Wednesday, September 2, 2009

Forties Feminism, or Why You Should Come See "Why'd Ya Make Me Wear This, Joe?"*

American women in the nineteen forties were overwhelmingly thrust into the working place for the first time in history, as a matter of necessity while all the able-bodied men were overseas. At first there was fear that the women would be unable to keep the country running in the men's absence. Then there came fear that women were doing just fine without them.

"Butch" women and lesbianism were suddenly much more threatening as the idea pervaded the blue collar class (upper class women had gotten away with "romantic friends" for years) and spreading "perversion" became the work of The Enemy (Communists! Fascists!)

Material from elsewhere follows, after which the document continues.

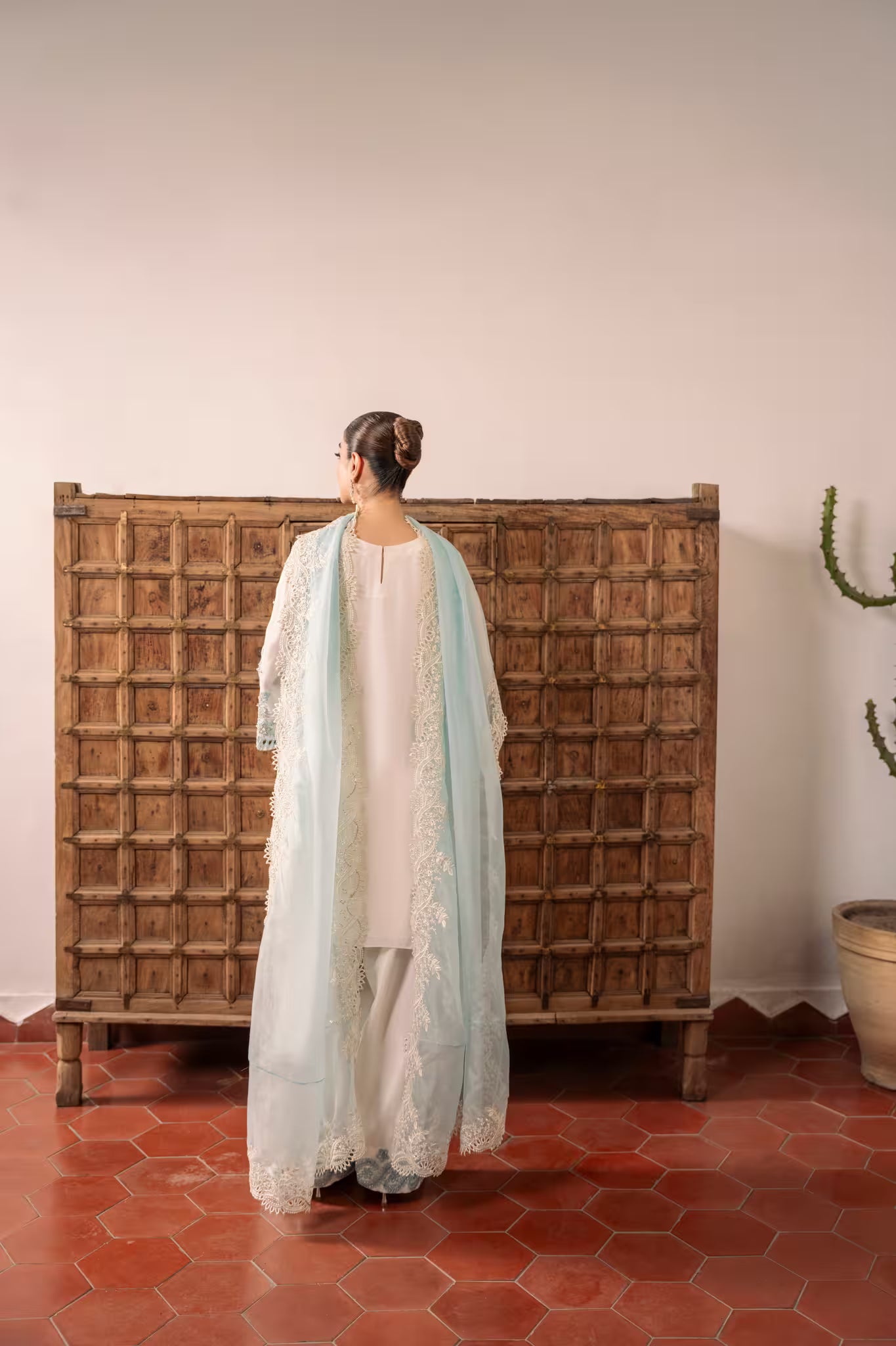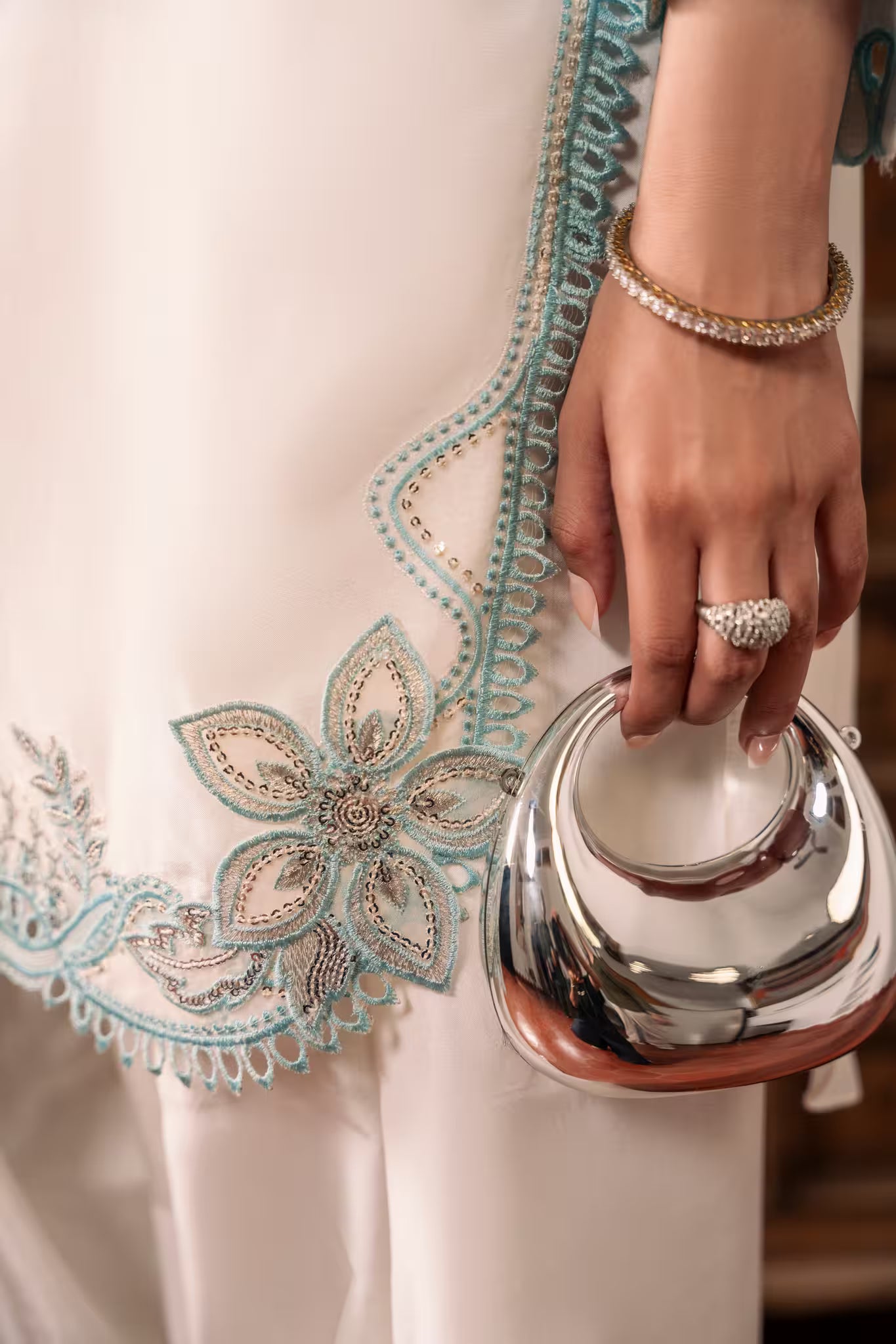 - Dupatta: Organza dupatta with scalloped borders, cut-work and sequin embroidery

Regardless of the unease seeing women in pants performing men's jobs created, throughout the war America encouraged women everywhere to take up the country's cause and perform what would have otherwise been masculine roles in society. Rosie the Riveter and Wonder Woman lead the forefront, and women enjoyed a kind of social freedom they had not had before.

Enter: the end of the war. The men come home to a country of women in the jobs they left behind. They are tired, and beaten (though technically victorious), and psychologically damaged. They just want to be fathers and husbands and breadwinners again. It is now every woman's patriotic duty to drop that monkey wrench, take off those pants and get back into the kitchen. The mantra was, more than ever, "take care of our men (but don't talk about it if they scream in their sleep)!"

In the fifties women were expected to be demure and submissive, men were expected to be strong and silent, and Joe McCarthy and his fearmongering reigned supreme. "Why'd Ya Make Me Wear This, Joe?" is about people who fell through the gaping cracks of those expectations. It's a love story from every angle; this is no Romeo and Juliet, or even Juliet and Juliet. It's romantic love, it's passionate love, it's platonic love, it's familial love. One has to wonder in the end which is the strongest bond.

It's really just about love, and how life makes it hard, and I hope you come see it.

"Why'd Ya Make Me Wear This, Joe?" by Vanda
Premieres at Venus Theatre in Laurel, MD on Thursday, Sept. 3
Tickets are $20 and can be purchased at www.venustheatre.org or at the door

*I should mention I'm performing in it as well as costume designed it. And that this is the reason I've been MIA for a month... so it's safe to say I have a bias.

1 comment:

Stephen said...

If aliens had ridded the world of all war prior to World War II, this play wouldn't have been written. Weird!

Seriously though, I'm looking forward to seeing this play.